Majority of the people in the community had sufficient knowledge on HIV, had a positive attitude towards HIV and AIDS and male circumcision was found to be common. This is different from other studies carried out in Asia which found that fisherfolk had lower knowledge on HIV and had a negative attitude towards it [26, 27]. With improved knowledge on HIV and having a positive attitude, may translate into willingness to test one’s status and adhering to medications [28].

Tanzania adopted the test and treat approach in 2016. This approach plays a role in preventing occurrence of compromised immunity and opportunistic infections to the affected individuals. This is important also as with a reduced viral load, an individual is less infectious. It is therefore alarming to note that more than a half of the people who were HIV positive and knew their status were not on ARV. The need to move constantly seeking for fish among fisherfolk [15] may contribute to making access to ARVs and adherence a challenge. The strategy of delivering ARVs from care and treatment clinics to stable client’s residence implemented by the country HIV/AIDS control program may be also be used to improve adherence among HIV infected fisherfolk in islands through mobile clinics. Community health workers may be also used to support delivery of ARVs to stable clients located in hard to reach areas as it has been proved effective in Tanzanian settings [29].

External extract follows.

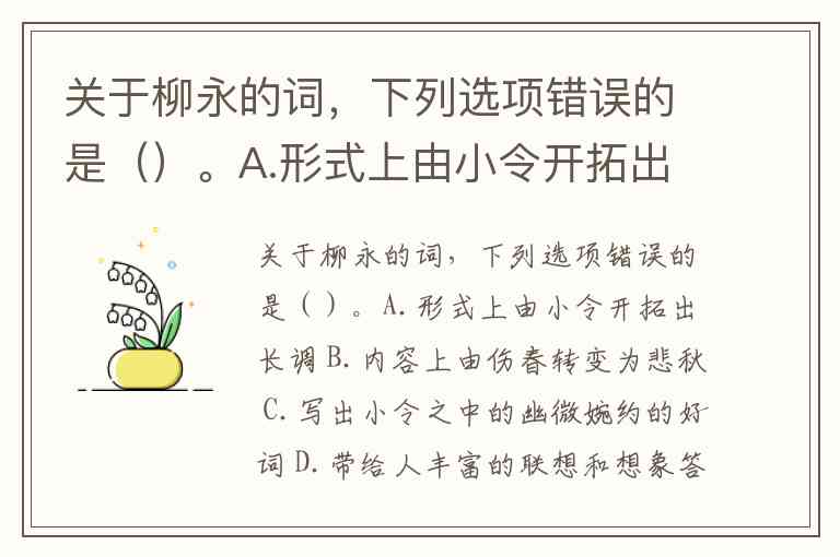 关于柳永的词,下列选项错误的是()。A.形式上由小令开拓出长调 B.内容上由伤春转变为悲秋 C.写出小令之中的幽微婉约的好词 D.带给人丰富的联想和想象

Factors that attributed to HIV infection included; older age, marital status, education and one’s type of occupation. The prevalence of HIV among older age is different from the national average whereby it is most common among those of a younger age. This difference can be because the population among fisherfolk is composed of mainly adult population. The prevalence of HIV being higher among women, those widowed/separated and those with primary education is similar to the estimates at the national level [30]. Those who drink alcohol were more likely to be infected similar to what is known in the general population [31]. Living in an isolated island and idling during the day could have driven the alcohol drinkers fisherfolk to more risky sexual activities [15].

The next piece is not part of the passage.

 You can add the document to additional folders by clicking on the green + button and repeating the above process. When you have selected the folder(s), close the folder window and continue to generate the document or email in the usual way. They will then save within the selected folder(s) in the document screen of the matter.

This is the first study to provide an extensive baseline on the prevalence of HIV/AIDS among fishfolk communities among the selected hard to reach islands in Lake Victoria in Northern Tanzania. Such that the recent upsurge of HIV infection in Mwanza and Kagera Regions to some extent could be due to bridging transmission from fishing communities to low risk surrounding areas [20, 32]. The current study therefore provides avenue for further studies among the vulnerable and disadvantaged group, the fishfolk.

Strength and limitations

The study explored the prevalence of HIV in testing registry and also at the community level and hence brings a true picture of the status. However, due to migration nature of fisherfolk [15], the magnitude of the disease could be underestimated as the current study used a snap shot involving few islands. The true reflection should have involved periods with high and low fish yield as the high yield seasons are known to be with high influx of fisherfolk and the opposite when the produce is low. This study may therefore represent data for the study period and the studied islands.

Conclusion

The prevalence of HIV among fisherfolk in the studied landing sites is higher than the general population in respective Districts, particularly when tested at the community level. While the population has a sufficient knowledge on HIV and a positive attitude towards it, the uptake of HIV/AIDS services is still not at the recommended volume. We recommend establishment of testing services that consider the mobile nature of the population such as the use of mobile clinics and self HIV testing. The population at highest risk such as widows and women who are separated should be given a top priority during planning for interventions by local health authorities.